■ **DIRECTIONS FOR THIS TASK**:
Only one stretch of the data should be retyped: the lines from the line containing "Bộ đội thực hành đánh thuốc nổ." through the line containing "Haller-réteg-erek (sárga csillagok)". Keep pictures out of it.

■ **EXERCISE DATA**:
Segment Open
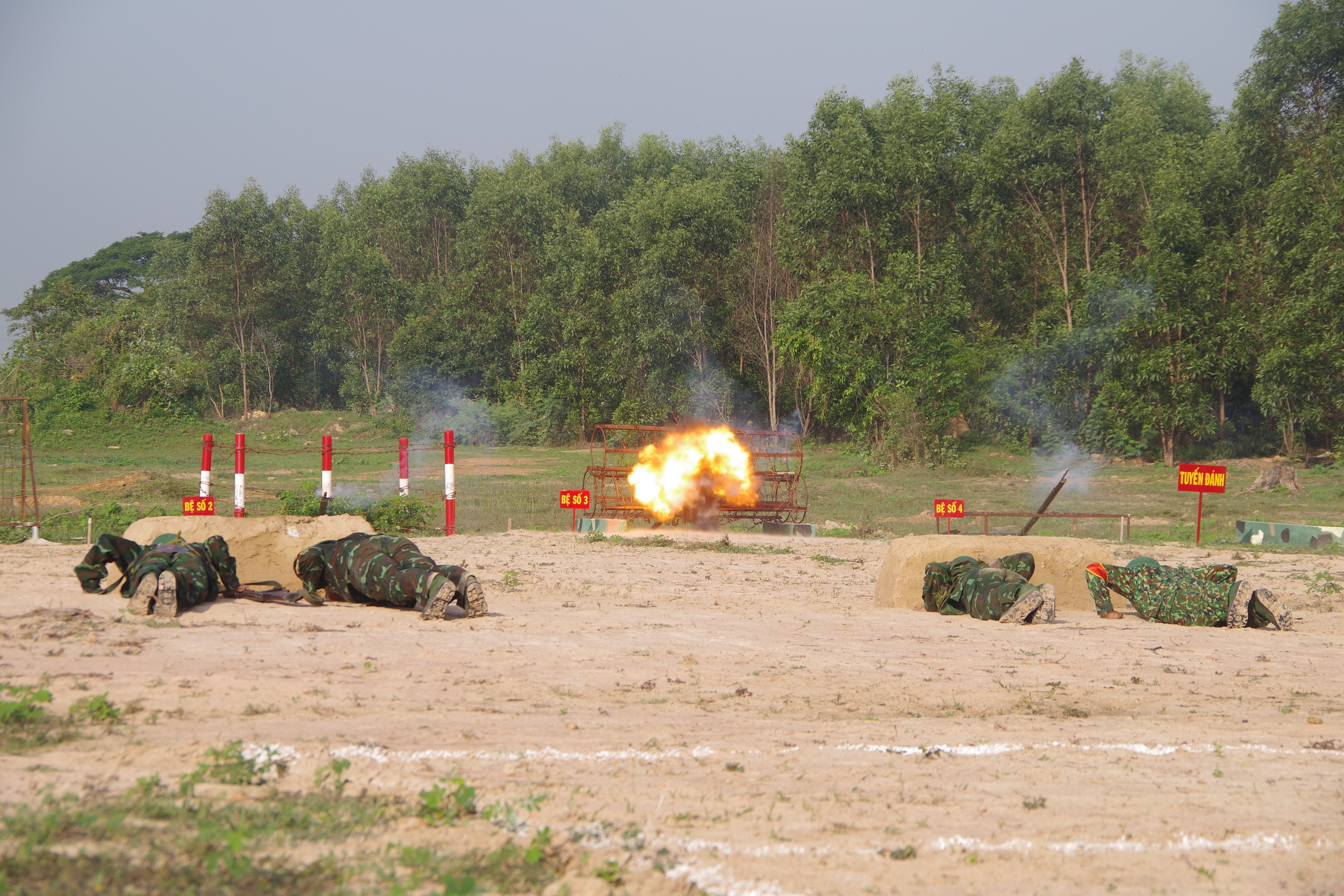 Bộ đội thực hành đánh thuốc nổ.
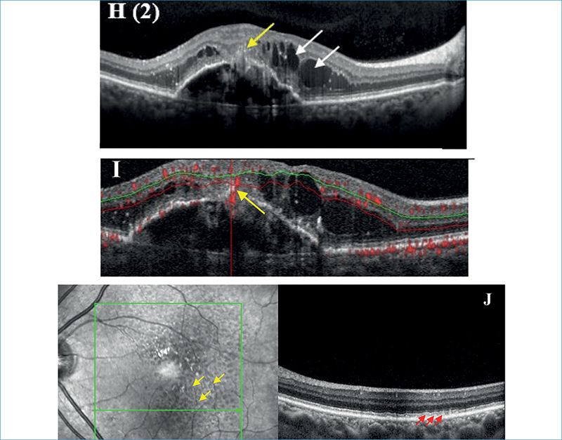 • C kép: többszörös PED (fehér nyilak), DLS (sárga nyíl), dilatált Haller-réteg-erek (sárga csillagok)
Segment Closed
Segment Open
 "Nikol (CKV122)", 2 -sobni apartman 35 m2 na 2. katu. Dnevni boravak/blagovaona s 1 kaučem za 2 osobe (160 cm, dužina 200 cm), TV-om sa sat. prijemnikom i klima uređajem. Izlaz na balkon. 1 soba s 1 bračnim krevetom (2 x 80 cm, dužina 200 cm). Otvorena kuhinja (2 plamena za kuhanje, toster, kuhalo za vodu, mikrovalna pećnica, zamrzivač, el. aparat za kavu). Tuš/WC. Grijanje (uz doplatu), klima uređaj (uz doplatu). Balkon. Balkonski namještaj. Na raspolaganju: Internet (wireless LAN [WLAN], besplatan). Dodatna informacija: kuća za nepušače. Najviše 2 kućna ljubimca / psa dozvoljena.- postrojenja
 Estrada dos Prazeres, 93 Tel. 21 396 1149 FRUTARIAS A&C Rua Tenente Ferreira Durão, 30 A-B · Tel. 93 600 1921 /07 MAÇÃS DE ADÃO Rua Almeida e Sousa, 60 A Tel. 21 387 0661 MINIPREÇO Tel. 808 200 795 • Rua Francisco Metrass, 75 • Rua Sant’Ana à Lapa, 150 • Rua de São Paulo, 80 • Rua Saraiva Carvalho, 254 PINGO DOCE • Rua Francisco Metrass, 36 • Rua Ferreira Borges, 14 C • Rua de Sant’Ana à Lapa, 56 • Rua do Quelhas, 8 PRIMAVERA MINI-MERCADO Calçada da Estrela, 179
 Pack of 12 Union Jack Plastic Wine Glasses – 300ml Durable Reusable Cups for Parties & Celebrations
Segment Closed
Segment Open
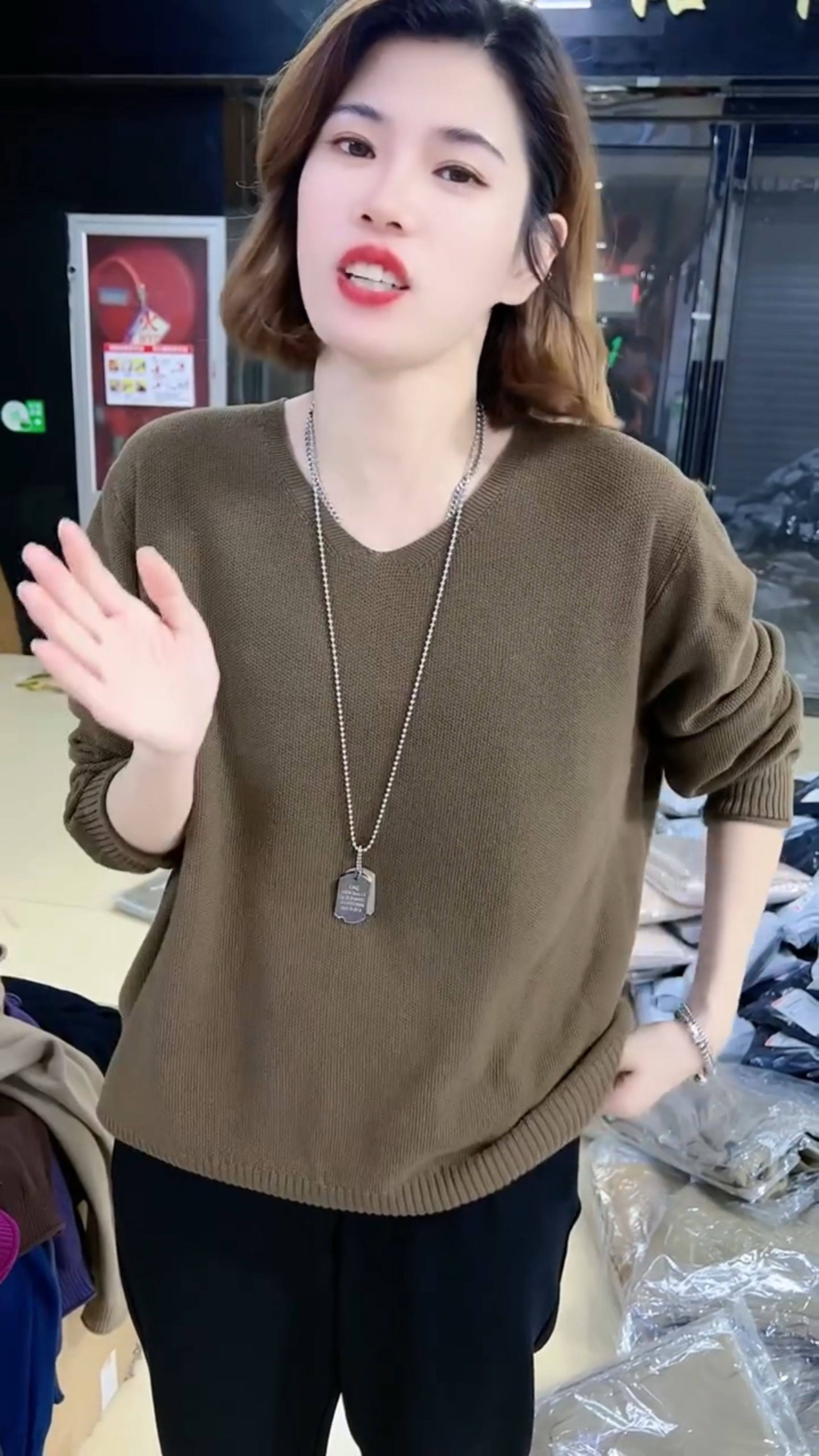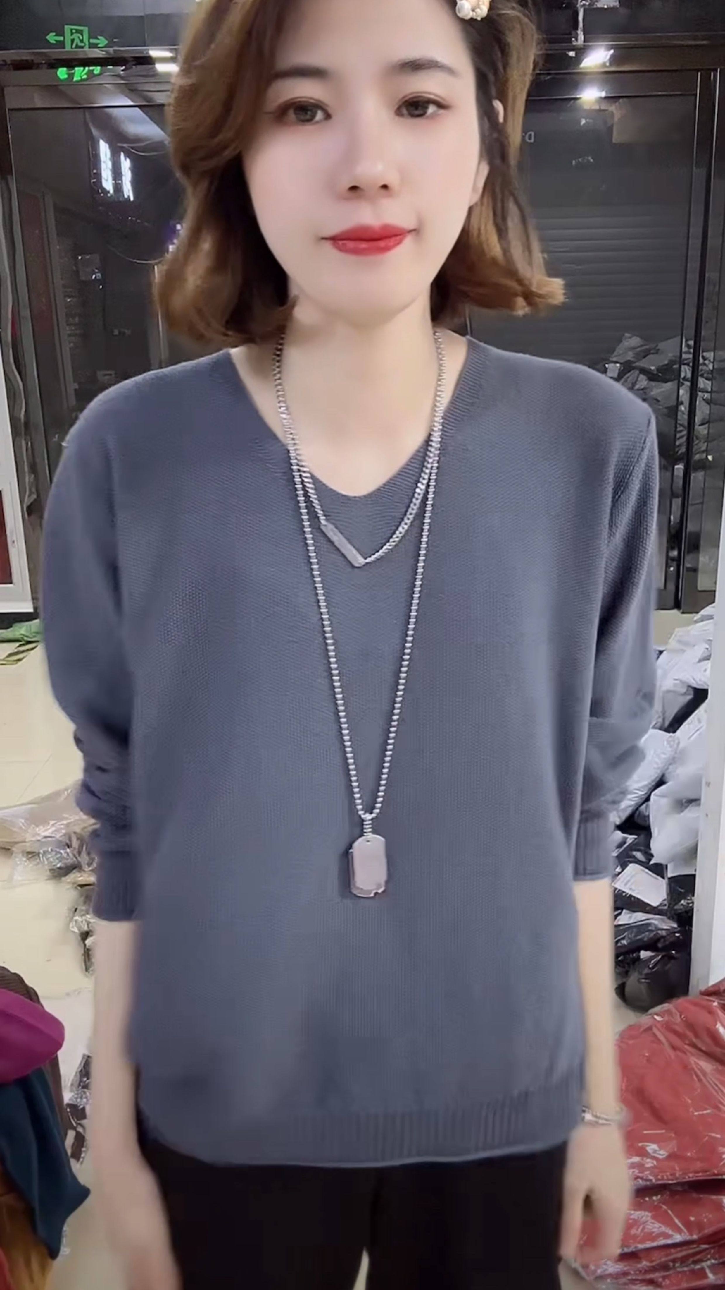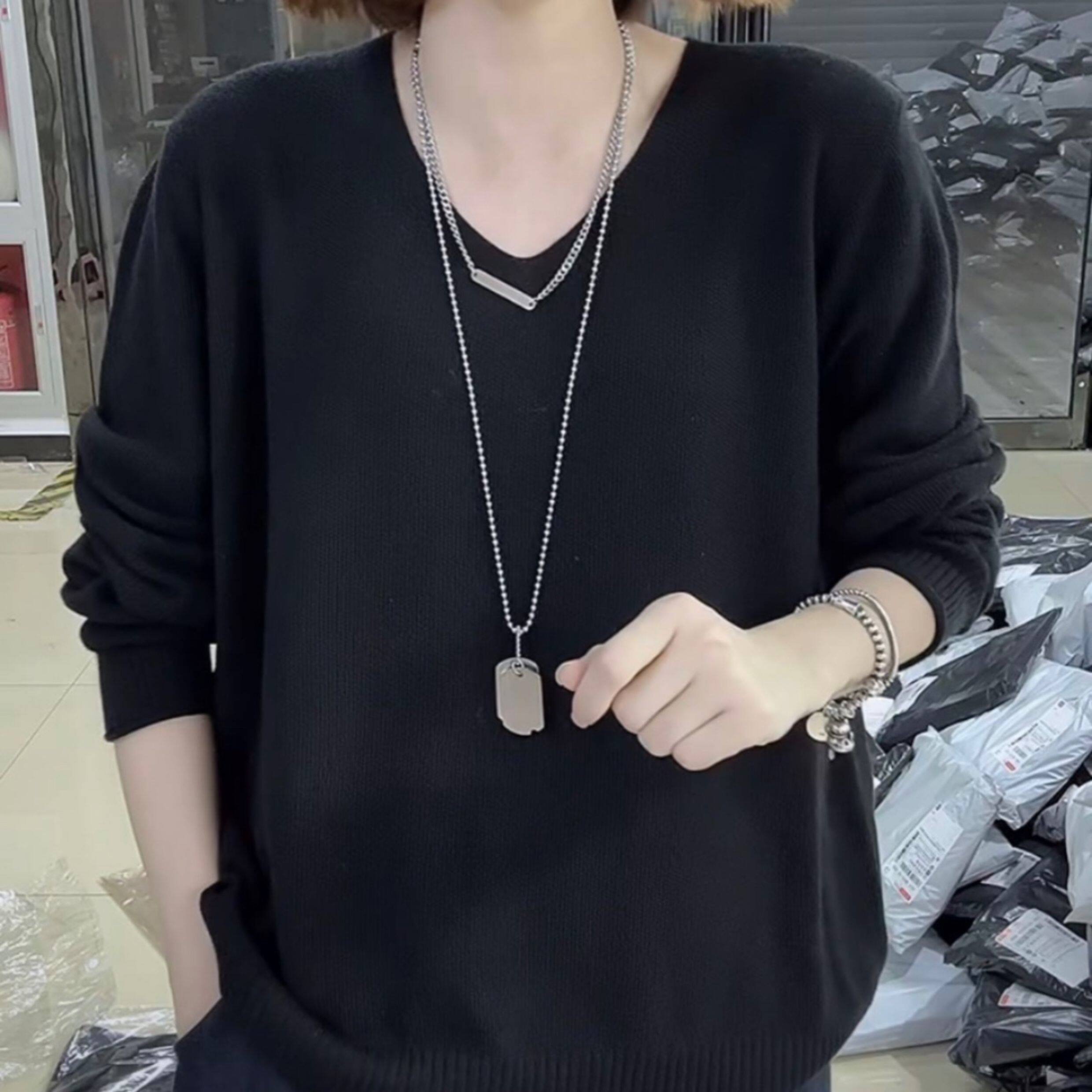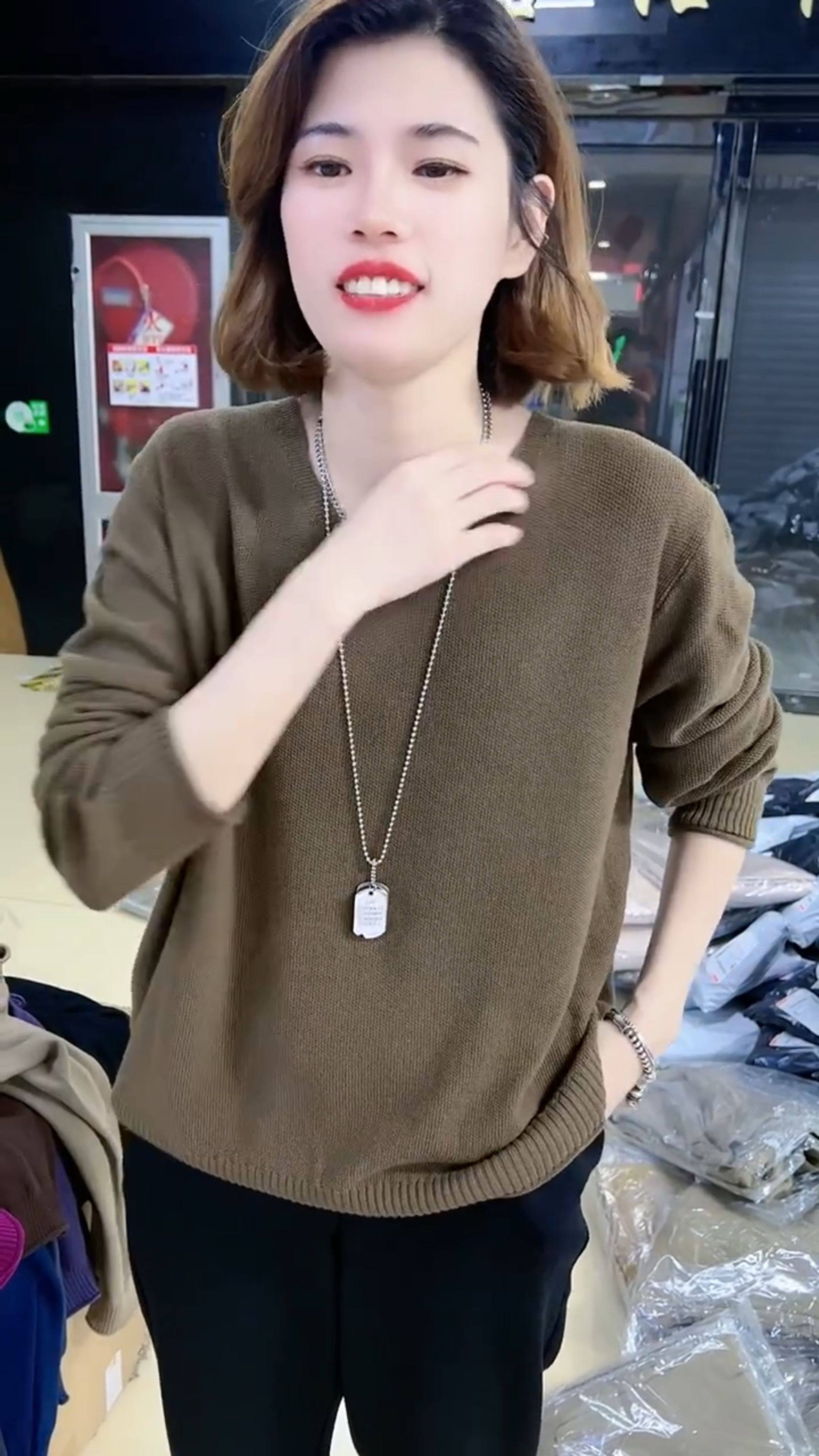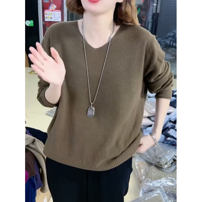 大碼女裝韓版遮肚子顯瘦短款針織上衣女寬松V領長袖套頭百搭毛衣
Segment Closed
■ **WRITTEN SOLUTION**:
 Bộ đội thực hành đánh thuốc nổ.
 • C kép: többszörös PED (fehér nyilak), DLS (sárga nyíl), dilatált Haller-réteg-erek (sárga csillagok)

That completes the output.